In front of people

By: goodislove

Jan 17 2013

Category: Ethiopia

1 Comment

Aperture:f/5.6
Focal Length:19mm
ISO:400
Shutter:1/0 sec
Camera:NIKON D200

When I was young I was in 4-H – occasionally described as Boy Scouts for farm kids. One of the activities available was a county-wide clown troupe. We would meet occasionally and work on clowning skits, pratfalls and the like. This was the first place I met a kid named Johann – a name somewhat foreign in an area filled with Davids, Brians, Jennifers and Heathers. His parents were leaders in the clown troupe and they lived on a small ‘farmette’ behind the County Fairgrounds.

It was a cold evening in February and I was in a car with my friend, Broc, and his mom on our way to a clown performance at the Beaver Dam Middle School. Night was still falling early then.

I asked Broc’s mom if we could stop in at the Marshland Drug in Horicon. I wanted to pick up a Valentine’s gift for mother. Thinking this a quite charming request, she obliged.

Marshland Drug was also the closest store to our home that sold comic books. The latest issues of Marvel’s New Universe had come out and I wanted to pick up the latest D.P.7. The whole Mother’s Day thing, pfftt, whatever. I grabbed the comic book, paid, and skittered across the icy parking lot to the waiting car.

Broc’s mom gamely asked, “What did you pick up for your mom?”

“Hmmm… umm… well there was this brass ring I wanted to buy, but I didn’t know if it would fit,” I lied.

I don’t even know if Marshland Drug would have carried anything of the sort. It was fairly obvious that Broc’s mom saw straight through it, but I don’t think she said much more.

Arriving at the performance, we were confronted with one of the largest crowds any of us had ever seen. It was one of those gymnasiums with retractable basketball hoops and a stage at one end. There were students in chairs from all grades covering the gym floor. The wooden bleachers were pulled and filled. There was no shortage of hooting and hollering from the peanut gallery.

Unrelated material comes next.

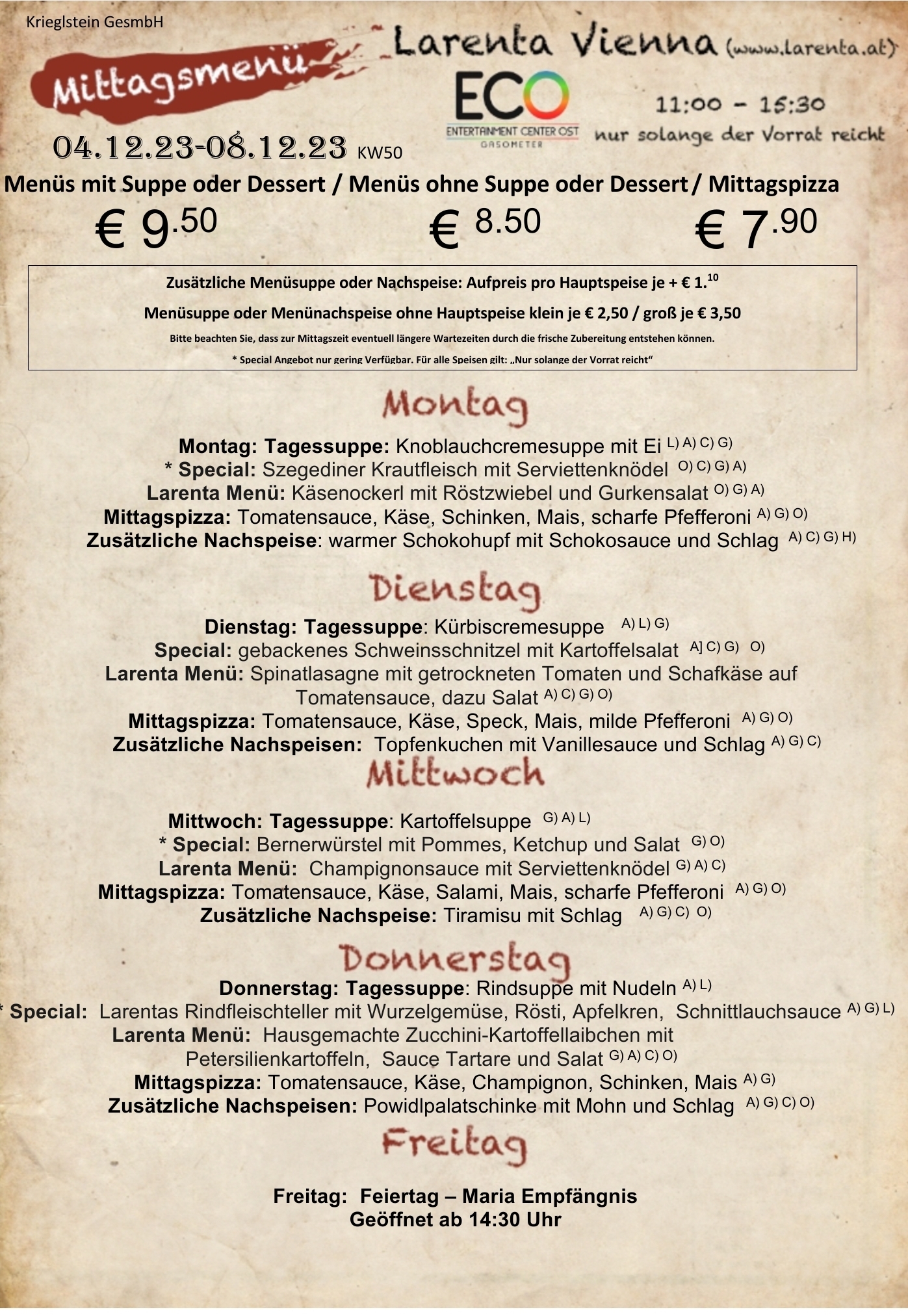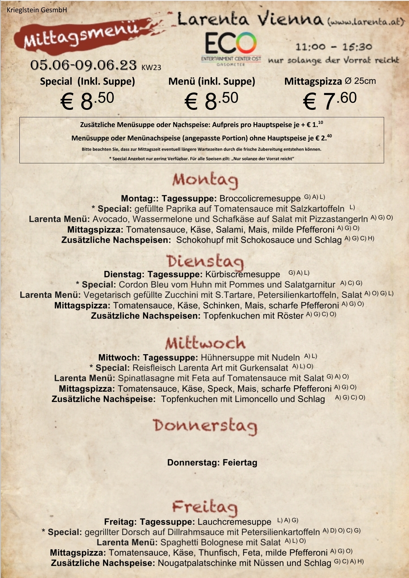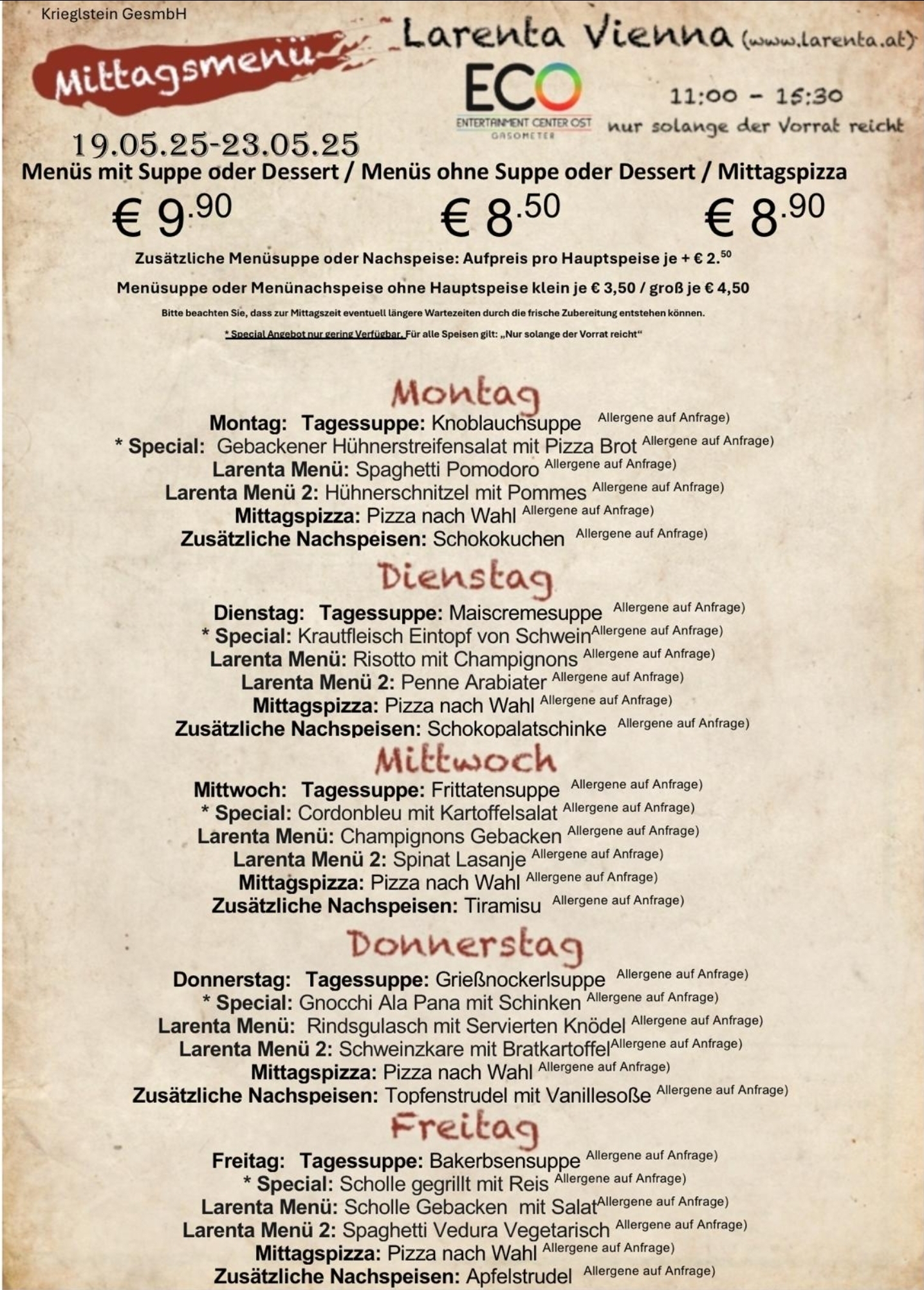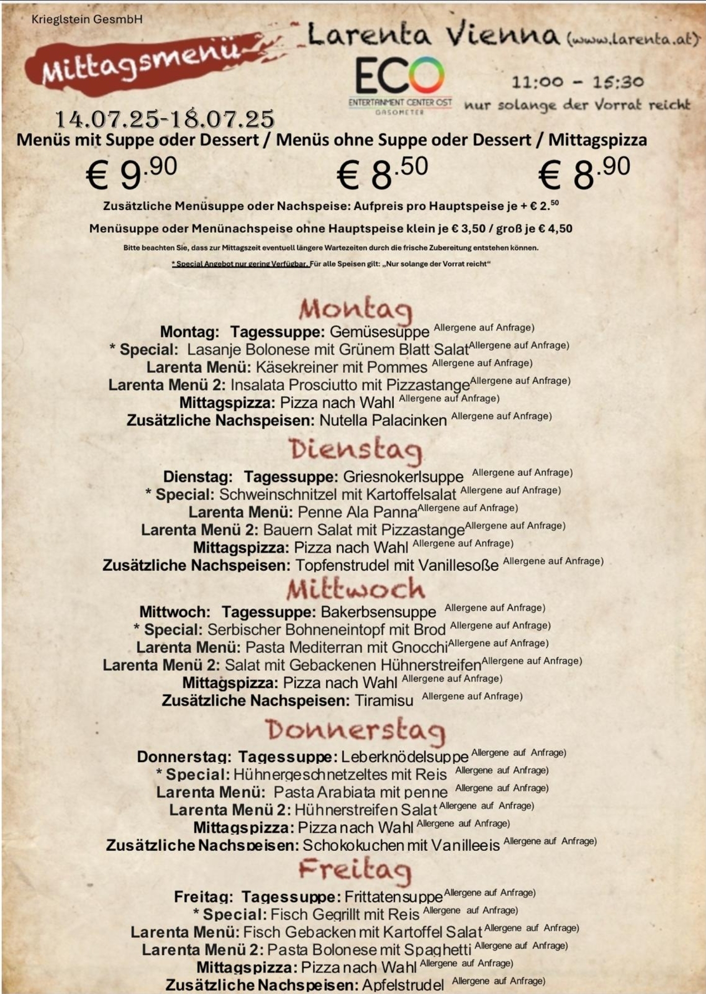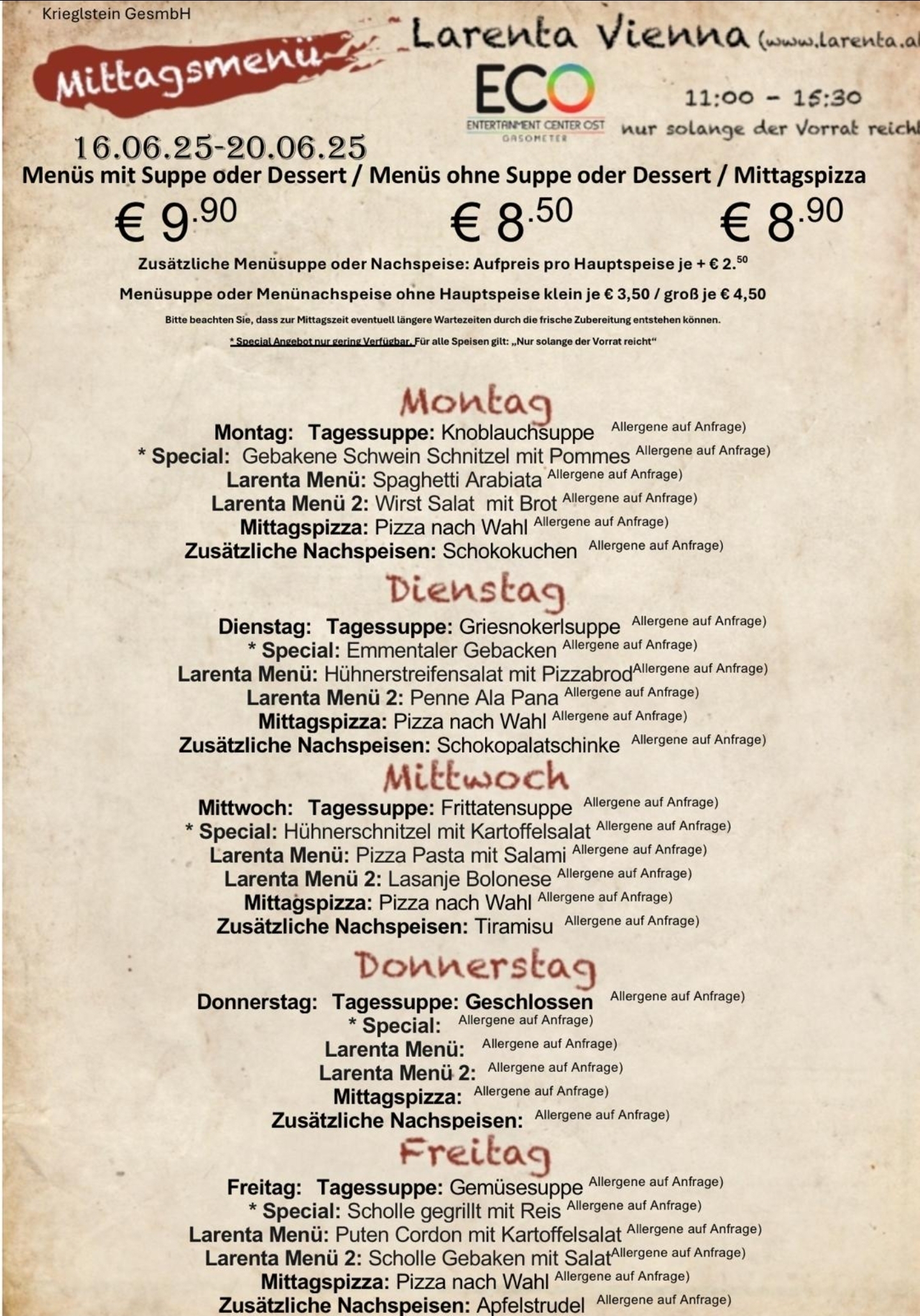 Wir bitten um rechtzeitige Tisch Reservierung. Euer Larenta Vienna Team

We launched into our little show with clown outfits culled from Halloween boxes in our basements (and an old mophead for a wig in my case). My skit was one of the few solo acts. It was a pantomime involving a little chap trying to reach an apple. He jumps, he falls, he gets flustered, he keeps trying. At the end of his rope, he jumps once more and makes the grab. That fresh, juicy apple, so ripe, so sweet. He shines it up and takes a huge bite, only to find a giant worm. Exit stage left with laughs.

I was nervous going on. Not only because of the audience. I felt the error of my ways. My lie. I was shaken. And though some performers may be able to perform through a heavy conscience, I was clearly not one of them. Not at 10 years old anyway. The applause was sparse at the end of my skit. I think I went through it too quickly.

At the end of the performance, we always had this part where we spread the joy of friendship and go out and shake hands with the audience. An eighth-grader, big kid, called me over among his laughing friends. As I extended my clown hand, he yanked it and I almost fell off the bleachers. His friends laughed and I skulked away.

I remember thinking this all would have gone much better if I hadn’t lied.


In the photo: Putting on an impromptu juggling show in Ethiopia to distract attention from friends conducting interviews at a coffee delivery station. Shout out to the folks at Bean There Coffee and Barista Magazine

One comment on “In front of people”

  1. Oh, Marshland Drugs, I remember you well.
    We all have moments like this, of “if only I’d done things differently…” Regret, and getting beyond it, is life.